Born and trained as a portrait painter in London, Wollaston moved in 1749 to New York, and subsequently to Philadelphia, Annapolis, Virginia, and Charleston where he painted nearly three hundred portraits of newly landed gentry and merchants in the then-fashionable English rococo style. His portraits, often unsigned, constitute a visual chronicle of nearly every influential aristocrat in colonial America at the time. Before he returned to London in 1767, Wollaston’s nimble poses, sumptuous fabrics, and pastel colors had influenced American portrait painters, including Robert Feke and Benjamin West.

Wollaston completed several portraits of the young scions of America’s leading families. Like the present sitter and William Holmes (see image) his well-born boys show off their family’s newly established prosperity in the colony. Often depicted with their hunting dog against the landscape of their family estate, they are dressed formally as adults in breeches, shirts with tight collars and flared sleeves, and finely executed silk waistcoats and jackets. With his body turned slightly to the left, his head in the opposite direction to engage the viewer, and his right hand on his hip, the present boy assumes the same posture as many of Wollaston’s standing men, like Ryland Randolph (see image).

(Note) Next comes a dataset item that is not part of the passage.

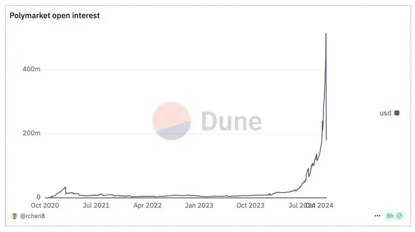 Polymarket 是一个基于 Polygon 区块链的预测市场,在选举期间它的采用量激增,选举赌注金额达到 32 亿美元,比选举前高出几个数量级。与其他预测市场相比,Polymarket 不收取任何费用,支持无缝交易,并且是去中心化的,这意味着任何人都可以通过 API 直接与链上的底层合约进行交易(允许任何人创建交易机器人),而且任何来自非黑名单地区的人都可以访问网站前端。

This painting came to Boston College with a plaque on its frame attributing it to the Scottish artist John Smibert and identifying the sitter as the young George Berkeley (1685–1753), who became a distinguished philosopher and Anglo-Irish Bishop. Between 1728 and 1732 Bishop Berkeley moved from Ireland to Middletown, Rhode Island, where he became a plantation owner and enslaver He brought with him to Rhode Island John Smibert (1666–1751), whom he met for the first time in Italy in 1719–20, long after Berkeley would have been the age of the boy in the portrait. Thus, the frame’s plaque probably reflects a mendacious dealer’s attempt to enhance the painting’s appeal to an Irish-American buyer and, moreover, explains why it might have been given to Boston College.

Portrait of William Holmes
Portrait of William Holmes, c. 1765–67. Oil on canvas, Museum of Fine Arts, Houston.
Portrait of Ryland Randolph
Portrait of Ryland Randolph, c. 1755–58. Oil on canvas, Wilton House Museum, Richmond.